With the diagnostic data collected, the agent's "brain" must **decide** on the most probable cause. We'll create a simple rule-based function that analyzes the evidence and forms a conclusion.

In [None]:
def run_anomaly_diagnostics(timestamp):
    """The main agent logic that runs diagnostics and makes a decision."""
    print("\n--- AI Agent Anomaly Report ---")
    print(f"Trigger: CPU usage anomaly detected at {timestamp.time()}\n")
    
    print("[Step 1] Running diagnostics...")
    top_processes = check_top_processes(timestamp)
    app_logs = check_app_logs(timestamp)
    deployment_info = check_recent_deployments(timestamp)
    print("[Step 1] Diagnostics complete.\n")
    time.sleep(1) # For dramatic effect

    print("[Step 2] Analyzing results...")
    # Find the process with the highest CPU
    high_cpu_process = top_processes.loc[top_processes['cpu_percent'].idxmax()]
    
    # Define rules for decision making
    suspected_cause = "Undetermined"
    recommended_action = "Escalate to human operator for manual investigation."
    
    is_memory_error = 'OutOfMemoryError' in app_logs or 'Java heap space' in app_logs
    is_app_server = 'java' in high_cpu_process['command']
    
    if high_cpu_process['cpu_percent'] > 90 and is_app_server and is_memory_error:
        suspected_cause = f"The '{high_cpu_process['command'].split()[0]}' application is unresponsive due to a Java heap space error."
        recommended_action = f"Restart the '{high_cpu_process['command'].split()[0]}' process (PID: {high_cpu_process['pid']}) to clear its memory state."
    
    print("[Step 2] Analysis complete.\n")
    time.sleep(1)
    
    # Compile the final report
    report = {
        'findings': [
            f"Process '{high_cpu_process['command'].split()[0]}' (PID: {high_cpu_process['pid']}) is using {high_cpu_process['cpu_percent']}% CPU.",
            f"Found critical error in application logs: '{app_logs.splitlines()[2].strip()}'.",
            deployment_info
        ],
        'cause': suspected_cause,
        'action': recommended_action
    }
    
    return report

### Part 4: The Response (Act)

Finally, the agent must **act**. In this simulation, the action is to present its findings in a clear, human-readable report. In a real-world scenario, this could mean automatically creating a high-priority ticket, posting a message to a Slack channel, or even attempting a safe, automated remediation step.

In [None]:
# Trigger the agent's workflow
final_report = run_anomaly_diagnostics(anomaly_timestamp)

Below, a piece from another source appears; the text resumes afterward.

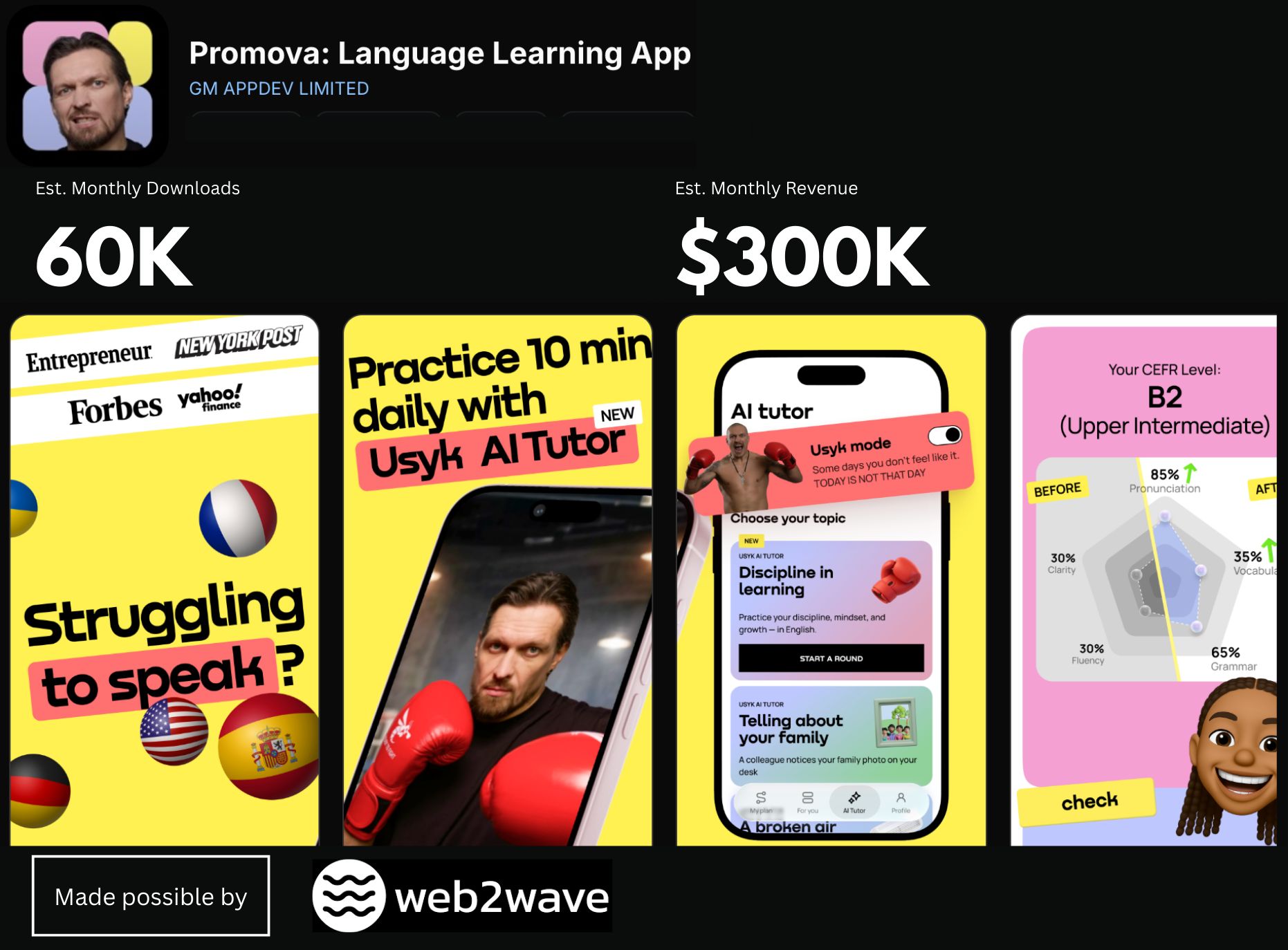 $300,000 in monthly revenue. 60,000 downloads per month. Six years old. Promova is a language learning app that does almost everything differently from its category competitors, and the differences are worth studying closely.

print("[Step 3] Generating final report...\n")
print("========================================")
print("              FINDINGS")
print("----------------------------------------")
for finding in final_report['findings']:
    print(f"- {finding}")
print("
----------------------------------------")
print("           CONCLUSION")
print("----------------------------------------")
print(f"Probable Cause: {final_report['cause']}")
print(f"
Recommended Action: {final_report['action']}")
print("========================================")

### Conclusion

This notebook has demonstrated a simplified but powerful concept in AIOps: an autonomous agent for incident response. By following the **Observe-Orient-Decide-Act** loop, the agent was able to:

1.  **Observe:** Detect a CPU spike.
2.  **Orient:** Correlate the spike with high CPU usage from a specific process and a critical memory error in the logs.
3.  **Decide:** Conclude that the application's memory leak was the root cause.
4.  **Act:** Recommend a specific, actionable remediation step (restarting the process).

Implementing such agents can dramatically reduce the Mean Time to Resolution (MTTR) for common incidents, freeing up human engineers to focus on more complex problems.